### Problem statement
Please output the data exactly, minus pictures.

### Supplied data
== Segment start ==
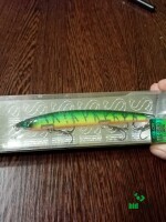 Оригинальный Воблер Sprut Haku 3D 130F (Floating/130mm/14,5g/0,5-1m/. Color LGRT (LEMON GREEN TIGER.
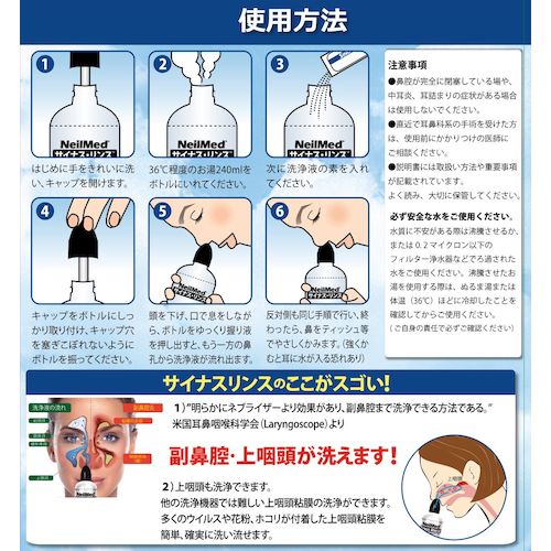 ●専用の洗浄ボトルは240mlの大容量の水流で鼻うがいができます。鼻腔の奥まで洗浄するには片鼻100ml以上必要と言われるので、サイナスリンスはたっぷり洗うことができます。
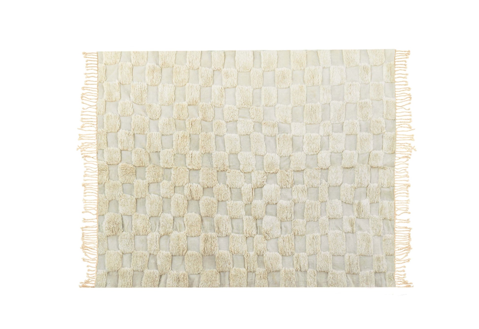 Traditionally Beni Ourain rugs were used as bed-coverings by the Berber Tribespeople from the Atlas Mountains in Morocco. These villages are renowned for their world class rugs weavers. The sheep that live in these mountains have developed exceptionally soft wool.
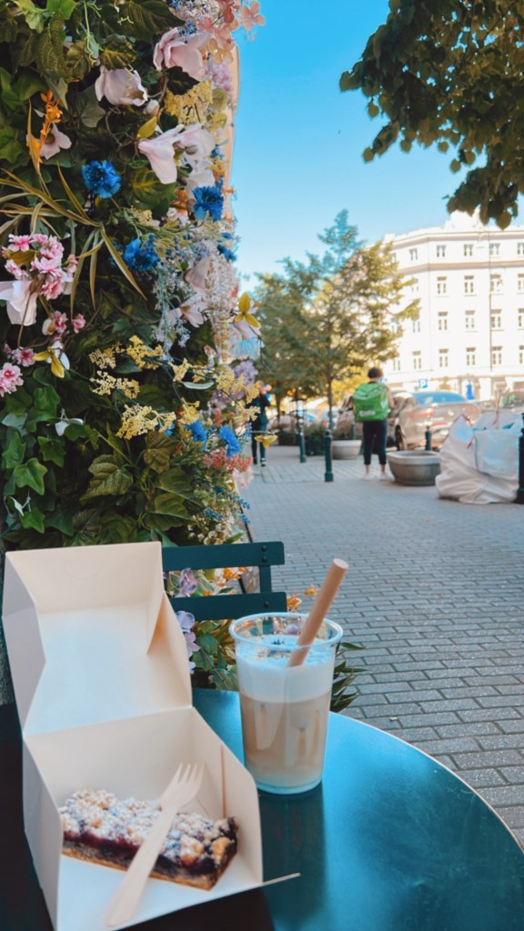 It’s now my fourth week in Warsaw and my third week at my summer internship. I had quickly discovered the ideal route connecting my city-center apartment to my workplace. The route balanced time for a healthy morning walk on Wilcza and Poznańska with a punctual arrival at the bus stop on Koszykowa by around 9a.m. Along the way, small cafés, bars, and bakeries protruded from the stone apartment bases, and others sunk into the stone with staircase entryways and intricate iron gates. While each of these caught my eye during the first week along my route, all but the Sweet & Blossom Café had faded into familiarity by this particular Monday morning in the middle of June.
== Segment end ==
### The answer
 Оригинальный Воблер Sprut Haku 3D 130F (Floating/130mm/14,5g/0,5-1m/. Color LGRT (LEMON GREEN TIGER.
 ●専用の洗浄ボトルは240mlの大容量の水流で鼻うがいができます。鼻腔の奥まで洗浄するには片鼻100ml以上必要と言われるので、サイナスリンスはたっぷり洗うことができます。
 Traditionally Beni Ourain rugs were used as bed-coverings by the Berber Tribespeople from the Atlas Mountains in Morocco. These villages are renowned for their world class rugs weavers. The sheep that live in these mountains have developed exceptionally soft wool.
 It’s now my fourth week in Warsaw and my third week at my summer internship. I had quickly discovered the ideal route connecting my city-center apartment to my workplace. The route balanced time for a healthy morning walk on Wilcza and Poznańska with a punctual arrival at the bus stop on Koszykowa by around 9a.m. Along the way, small cafés, bars, and bakeries protruded from the stone apartment bases, and others sunk into the stone with staircase entryways and intricate iron gates. While each of these caught my eye during the first week along my route, all but the Sweet & Blossom Café had faded into familiarity by this particular Monday morning in the middle of June.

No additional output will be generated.